In fact, if your graph contains a fully connected simplex of M dimensions (M in 1..N-1) with M+1 vertices and (M^2+M)/2 undirected edges, you will require at least M+1 sets.
In your example above, you have one such simplex (M=1) with 2 vertices {A,D} and 1 (undirected) edge {(A,D)}.
It would seem that your problem boils down to finding the largest fully connected simplexes in your graph. Stated differently, you have a routing problem: How many dimensions do you need to route your edges so none cross? It doesn't sound like a very scalable problem.
The first large simplex found is easy. Every vertex node gets a new set with its own bit.
The disjoint nodes are easy. Once the connected nodes are dealt with, simply number the disjoint nodes sequentially skipping any previously used bit patterns. From your example above, since A and D take 01 and 10, the next available bit pattern for B is 11.
The tricky part then becomes how to fold any remaining simplexes as much as possible into the existing range before creating any new sets with new bits. When folding, one must use 2 or more bits (sets) for each node, and the bits (sets) must not intersect with the bits (sets) for any adjacent node.
Consider what happens to your example above when one adds another node, C, to the example:
If C connects directly to both A and D, then the initial problem becomes finding the 2-simplex with 3 vertices {A,C,D} and 3 edges {(A,c),(A,D),(C,D)}. Once A, C and D take the bit patterns 001, 010 and 100, the lowest available bit pattern for disjoint B is 011.
If, on the other hand, C connects directly A or D but not both, the graph has two 1-simplexes. Supposing we find the 1-simplex with vertices {A,D} first giving them the bit patterns 01 and 10, the problem then becomes how to fold C into that range. The only bit pattern with at least 2 bits is 11, but that intersects with whichever node C connects to so we have to create a new set and put C in it. At this point, the solution is similar to the one above.
If C is disjoint, either B or C will get the bit pattern 11 and the remaining one will need a new set and get the bit pattern 100.
Suppose C connects to B but not to A or D. Again, the graph has two 1-simplexes but this time disjoint. Suppose {A,D} is found first as above giving A and D the bit patterns 10 and 01. We can fold B or C into the existing range. The only available bit pattern in the range is 11 and either B or C could get that pattern as neither is adjacent to A or D. Once 11 is used, no bit patterns with 2 or more bits set remain, and we will have to create a new set for the remaining node giving it the bit pattern 100.
Suppose C connects to all 3 A, B and D. In this case, the graph has a 2-simplex with 3 vertexes {A,C,D} and a 1-simplex with 2 vertexes {B, C}. Proceeding as above, after processing the largest simplex, A, C and D will have bit patterns 001, 010, 100. For folding B into this range, the available bit patterns with 2 or more bits set are: 011, 101, 110 and 111. All of these except 101 intersect with C so B would get the bit pattern 101.
The question then becomes: How efficiently can you find the largest fully-connected simplexes?
If finding the largest fully connected simplex is too expensive, one could put an approximate upper bound on potential fully connected simplexes by finding maximal minimums in terms of connections:
Sweep through the edges updating the
vertices with a count of the
connecting edges.
For each connected node, create an array of Cn counts initially zero
where Cn is the count of edges
connected to the node n.
Sweep through the edges again, for the connected nodes n1 and n2,
increment the count in n1
corresponding to Cn2 and vice versa.
If Cn2 > Cn1, update the last count
in the n1 array and vice versa.
Sweep through the connected nodes again, calculating an upper bound on
the largest simplex each node could
be a part of. You could build a pigeon-hole array with a list of vertices
for each upper bound as you sweep through the nodes.
Work through the pigeon-hole array from largest to smallest extracting and
folding nodes into unique sets.
If your nodes are in a set N and your edges in a set E, the complexity will be:
O(|N|+|E|+O(Step 5))
If the above approximation suffices, the question becomes: How efficiently can you fold nodes into existing ranges given the requirements?

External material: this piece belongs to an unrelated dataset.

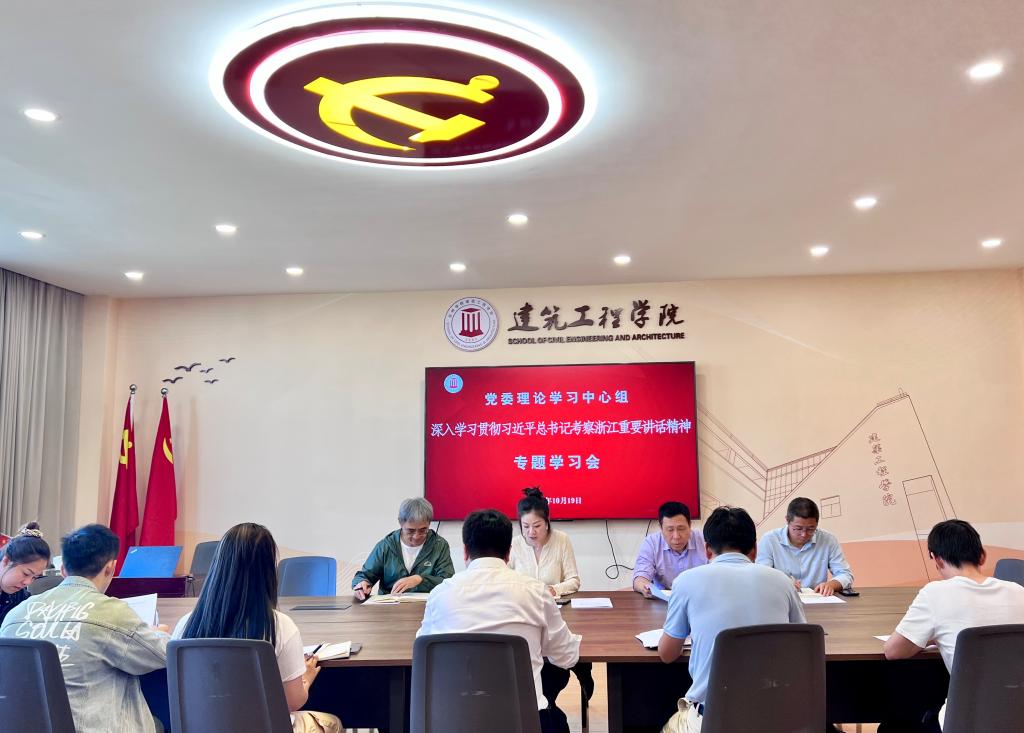 10月19日下午,建筑工程学院党委理论学习中心组在建工大楼党员之家召开深入学习贯彻习近平总书记考察浙江重要讲话精神专题学习会,进一步学深悟实习近平新时代中国特色社会主义思想。院党委书记潘瑛主持会议,学院领导班子、各支部书记参加会议。

This maybe not the answer you might expect, but I can't find a place to add a comment. So I type it directly here. I can't fully understand your question. Or does it need specific knowledge to understand? What is this independent set? As I know a node in an independent set from a directed graph have a two way path to any other node in this set. Is your notion the same?
If this problem is like what I assume, independent sets can be found by this algorithm:
1. do depth-first search on the directed graph, records the time of tree rooted by this node is traversed.
2. then reverse all the edges in this graph
3. do depth-frist search again on the modified graph.
The algorihtm is precisely explained by book "introduction to alogrithm"

Related

What algorithm should I use to get all possible paths in a directed weighted graph, with positive weights?

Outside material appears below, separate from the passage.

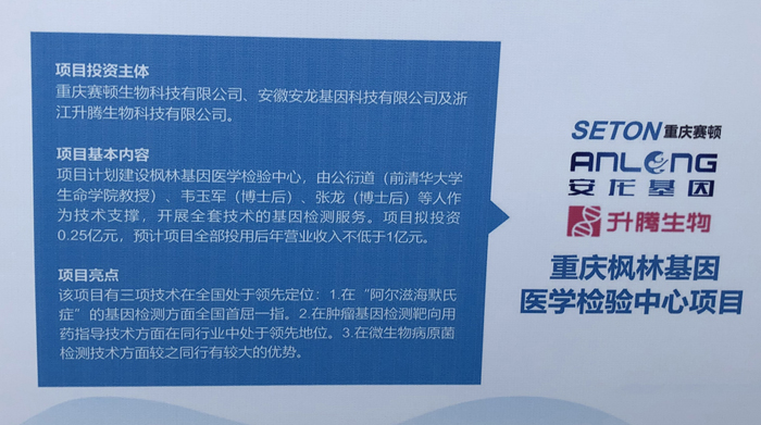 升騰生物重慶醫學檢驗中心投資金額2500萬元,預計項目年營業收入不低于人民幣1億元。 升騰生物將在重慶地區全面開展阿爾茨海默癥基因檢測、阿爾茨海默癥臨床輔助診斷檢測、腫瘤基因靶向用藥檢測等多項檢測業務。

I have a directed weighted graph, with positive weights, which looks something like this :-
What I am trying to do is:-
Find all possible paths between two nodes.
Arrange the paths in ascending order, based on their path length (as given by the edge weights), say top 5 atleast.
Use an optimal way to do so, so that even in cases of larger number of nodes, the program won't take much time computing.
E.g.:- Say my initial node is d, and final node is c.
So the output should be something like
d to c = 11
d to e to c = 17
d to b to c = 25
d to b to a to c = 31
d to b to a to f to c = 38
How can I achieve this?
The best approach would be to take the Dijkstra’s shortest path algorithm, we can get a shortest path in O(E + VLogV) time.
Take this basic approach to help you find the shortest path possible:
Look at all nodes directly adjacent to the starting node. The values carried by the edges connecting the start and these adjacent nodes are the shortest distances to each respective node.
Record these distances on the node - overwriting infinity - and also cross off the nodes, meaning that their shortest path has been found.
Select one of the nodes which has had its shortest path calculated, we’ll call this our pivot. Look at the nodes adjacent to it (we’ll call these our destination nodes) and the distances separating them.
For every ending (destination node):
If the value in the pivot plus the edge value connecting it totals less than the destination node’s value, then update its value, as a new shorter path has been found.
If all routes to this destination node have been explored, it can be crossed off.
Repeat step 2 until all nodes have been crossed off. We now have a graph where the values held in any node will be the shortest distance to it from the start node.
Find all possible paths between two nodes
You could use bruteforce here, but it is possible, that you get a lot of paths, and it will really take years for bigger graphs (>100 nodes, depending on a lot of facotrs).
Arrange the paths in ascending order, based on their path length (as given by the edge weights), say top 5 atleast.
Simply sort them, and take the 5 first. (You could use a combination of a list of edges and an integer/double for the length of the path).
Use an optimal way to do so, so that even in cases of larger number of nodes, the program won't take much time computing.
Even finding all possible paths between two nodes is NP-Hard (Source, it's for undirected graphs, but is still valid). You will have to use heuristics.
What do you mean with a larger number of nodes? Do you mean 100 or 100 million? It depends on your context.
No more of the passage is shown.